* **YOUR GOAL**
Copy out, unchanged, the entries below from the "Bereits sortierte und" line to the final line. Omit pictures.

* **GIVEN ENTRIES**
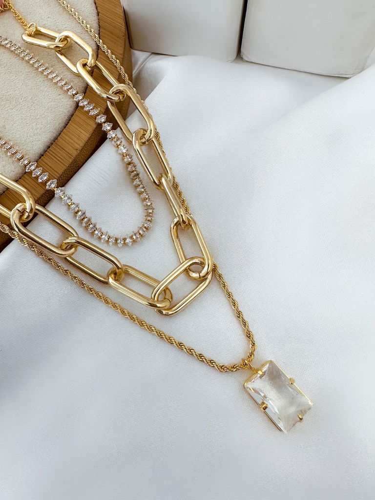 2. trio de joinhas folheado a ouro 18k e prata 925 elos, cordão baiano, zircônias com pingente pedraria
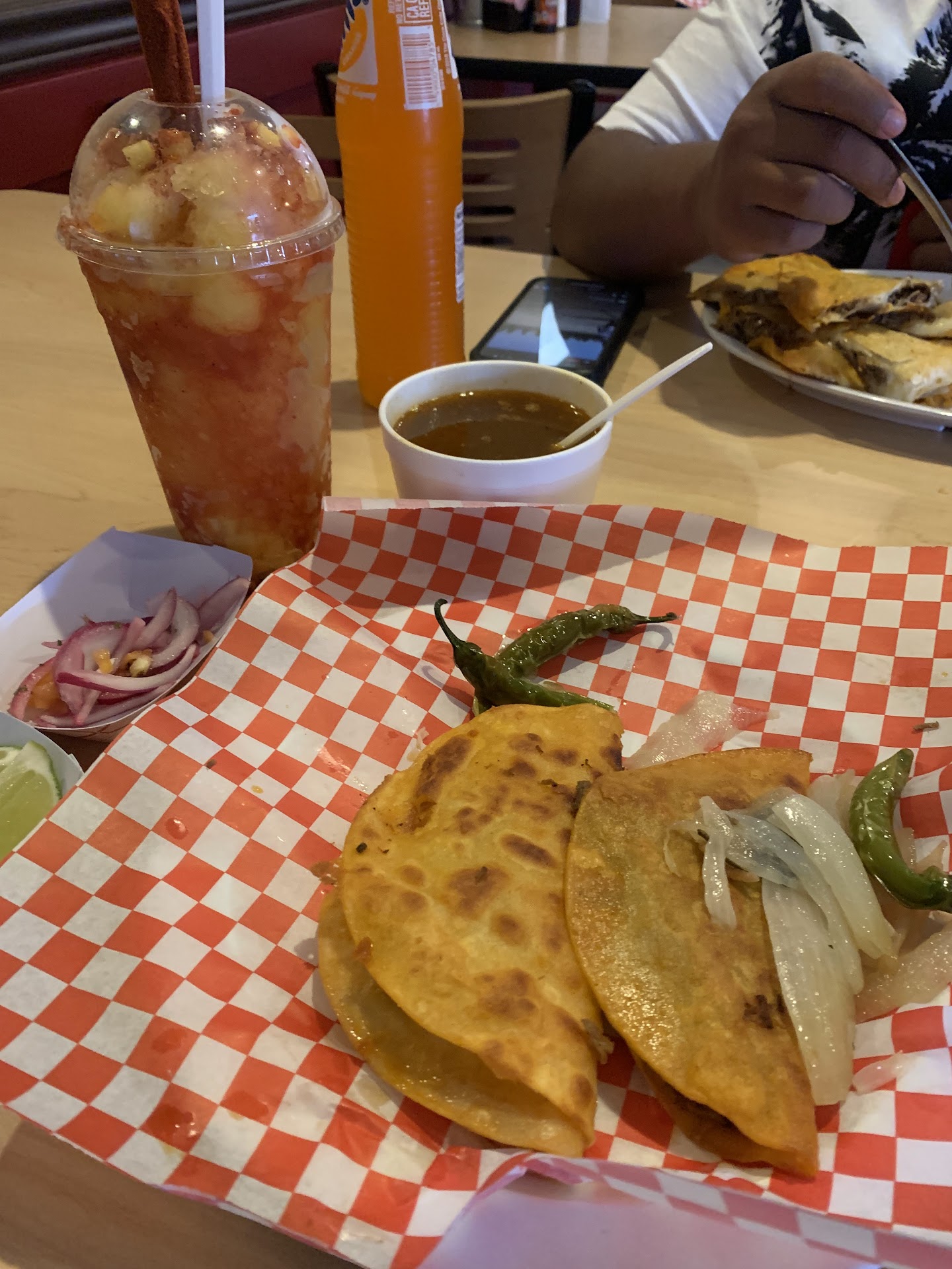 The food was absolutely beyond good! We had a little of everything to try variety (Birria Taco, Dorado De Birria, Cheese Birrira, Plato De Quesabirria, Consome, Birria Ramen) and definitely enjoyed it all! We appreciated that they had a self serve refrigerated bar at no extra cost for the pickled fixings, salsas, limes, onions, etc… You can’t go wrong with any of their tacos; either with cheese or without… The beef in any of their tacos was so tender & the consome was flavorful all on its own… I had to get more of it and ordered more in the form of their Birria Ramen Noodles (definitely the highlight of our late lunch). We finished off with a Mangonada and Churos to go… All I can say is there was none left once the kids got their hands on them 😭… For the great flavorful food; the price was even better! Our entire meal: 3 Appetizers, 2 Entrees, 2 Deserts, 2 drinks was just $60 before tax and tip. We definitely will be back either to dine in or order...
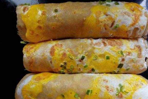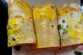 此时可以翻面,稍微加热,鸡蛋熟了就可以出锅了。找个平盘,没有鸡蛋的一面朝向自己。按照自己的口味刷酱,放榨菜,胡萝卜丝,火腿肠,油条段。合适的饼不会太干,卷起来不费事。鸡蛋一面在外,包裹起来会比较好看,有食欲。
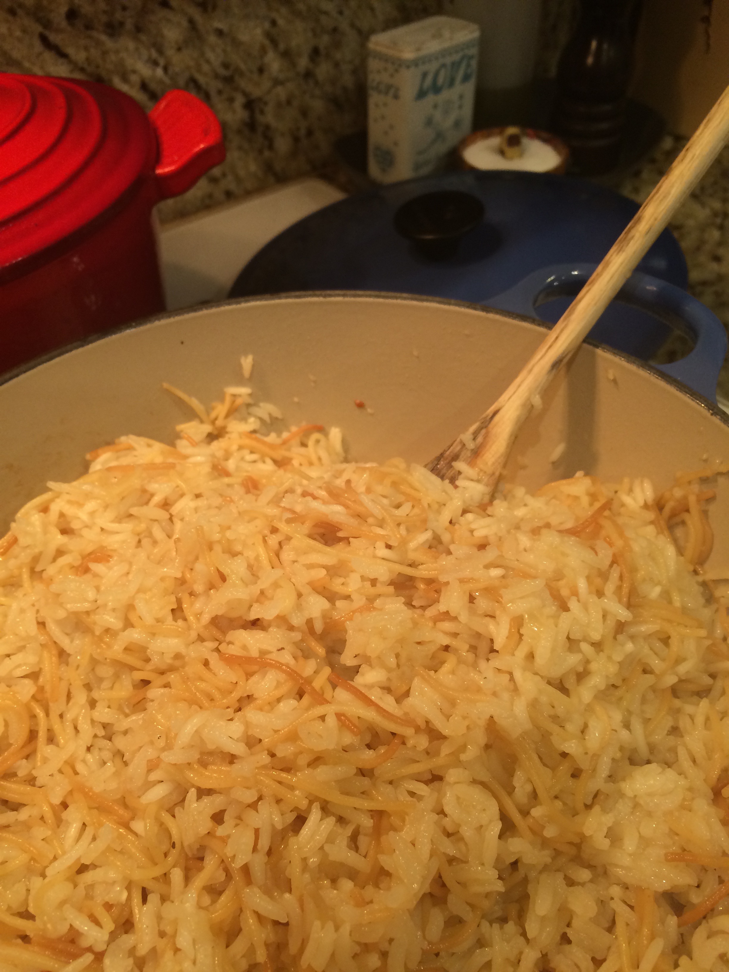 5- Let your pilaf finish by resting with a towel between the lid and the pot. Fluff up and serve! I’ve never done this extra step before, with the towel, but I really think it did help keep the pilaf fluffy.
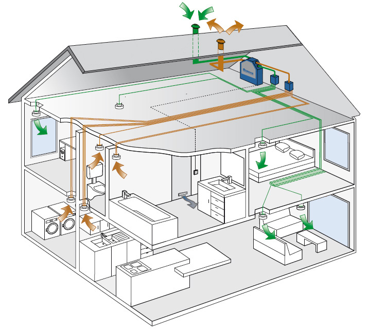 The ventilation system consists of correctly calculated parameters, and contains, in addition to the fan type, the ventilation duct network, the suction and discharge ventilation grilles, filters and other necessary equipment.
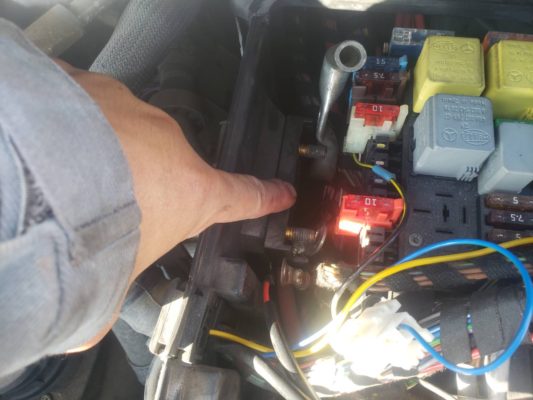 ↑切れていたヒューズ。 新しいヒューズを取り直し
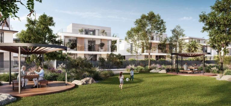 Diese hochwertigen Immobilien, die an eine Wüstenlandschaft erinnern, werden von üppigen Palmen und einem Ghaf-Wald umgeben sein. Gleichzeitig wird das Außenpanorama durch die Wüsten-Majlis und Lagerfeuer ergänzt.
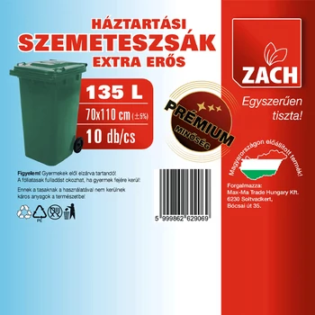 Extra erős, 135 literes szemeteszsák, amely tökéletes választás nagy mennyiségű hulladék tárolására. A 30 mikron vastagságú anyag és az erős hegesztés garantálja a tartósságot, míg a praktikus perforáció megkönnyíti a használatot. 10 db/csomag kiszerelésben kapható. |
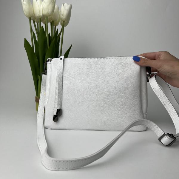 Модна сумочка з натуральної шкіри, не дивлячись на розміри, ця красуня вміщає все необхідне для нас дівчат на кожен день. Всередині сумки три відділення, також є додаткова кишеня на блискавці зі зворотного боку, плечовий ремінь регулюється.
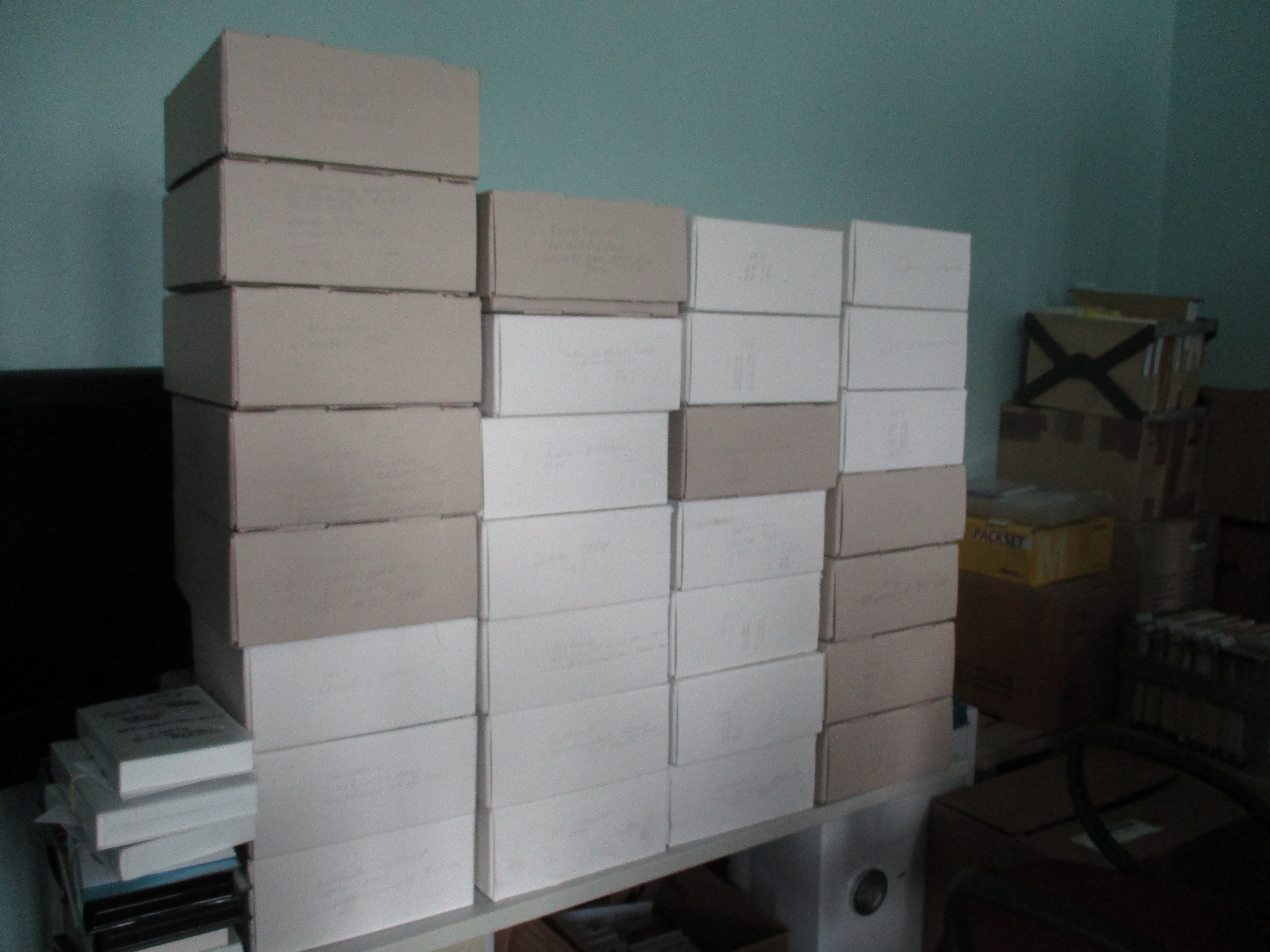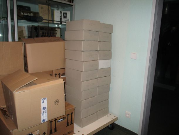Bereits sortierte und abgeheftete Auslandsunterlagen, die bisher in Umzugskartons untergebracht sind, wurden – geordnet nach einzelnen Auslandsprojekten – in Archivkartons eingelagert. Auf den Kartons wurde vorerst nur mit Bleistift geschrieben, welche Projekte sich in den Kartons befinden. Zu einem späteren Zeitpunkt, wenn alle Auslandsunterlagen sich in den Archivkartons befinden, wird die Beschriftung erneuert.
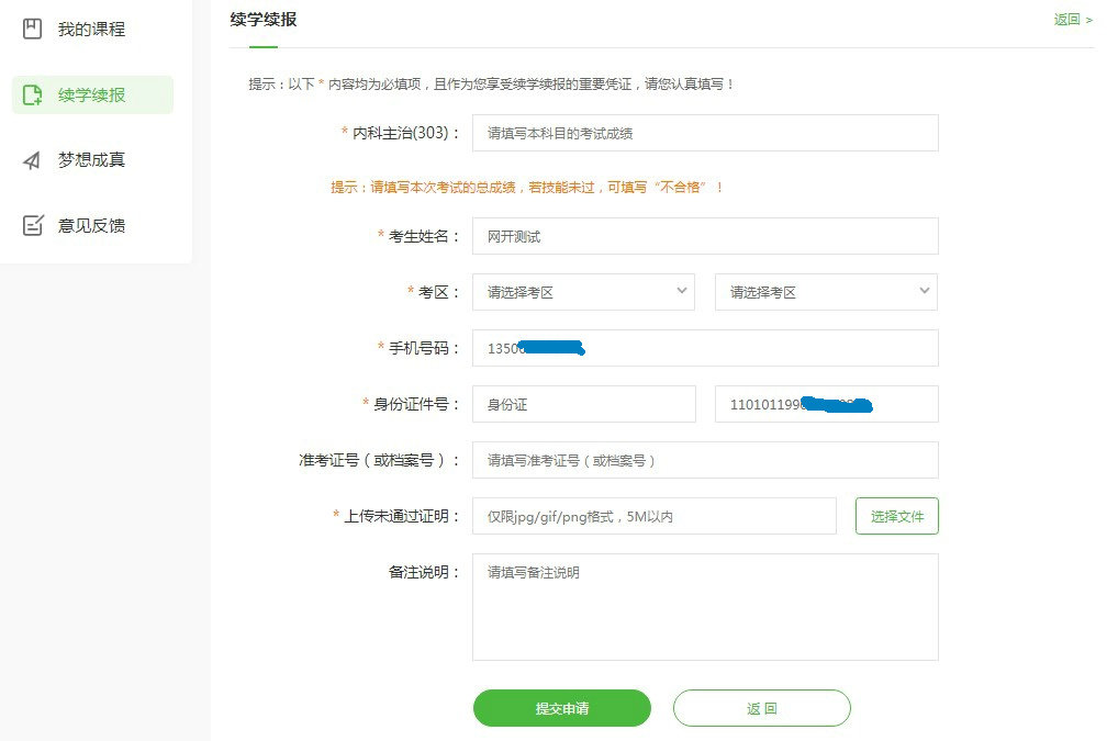 4、按照頁面要求逐項(xiàng)登記填寫返款/續(xù)學(xué)信息,確??忌彰?、手機(jī)號碼、身份證信息等內(nèi)容是否正確,然后繼續(xù)填寫續(xù)學(xué)科目及成績、考試地區(qū)、未通過證明截圖等其他信息。填寫完畢后點(diǎn)擊“提交申請”。
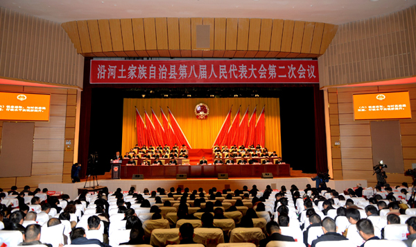 下午15:30分,大會在莊嚴的國歌聲中開幕。沿河縣人民政府縣長何支剛代表縣人民政府作《政府工作報告》。

* **EXERCISE RESPONSE**
Bereits sortierte und abgeheftete Auslandsunterlagen, die bisher in Umzugskartons untergebracht sind, wurden – geordnet nach einzelnen Auslandsprojekten – in Archivkartons eingelagert. Auf den Kartons wurde vorerst nur mit Bleistift geschrieben, welche Projekte sich in den Kartons befinden. Zu einem späteren Zeitpunkt, wenn alle Auslandsunterlagen sich in den Archivkartons befinden, wird die Beschriftung erneuert.
 4、按照頁面要求逐項(xiàng)登記填寫返款/續(xù)學(xué)信息,確??忌彰?、手機(jī)號碼、身份證信息等內(nèi)容是否正確,然后繼續(xù)填寫續(xù)學(xué)科目及成績、考試地區(qū)、未通過證明截圖等其他信息。填寫完畢后點(diǎn)擊“提交申請”。
 下午15:30分,大會在莊嚴的國歌聲中開幕。沿河縣人民政府縣長何支剛代表縣人民政府作《政府工作報告》。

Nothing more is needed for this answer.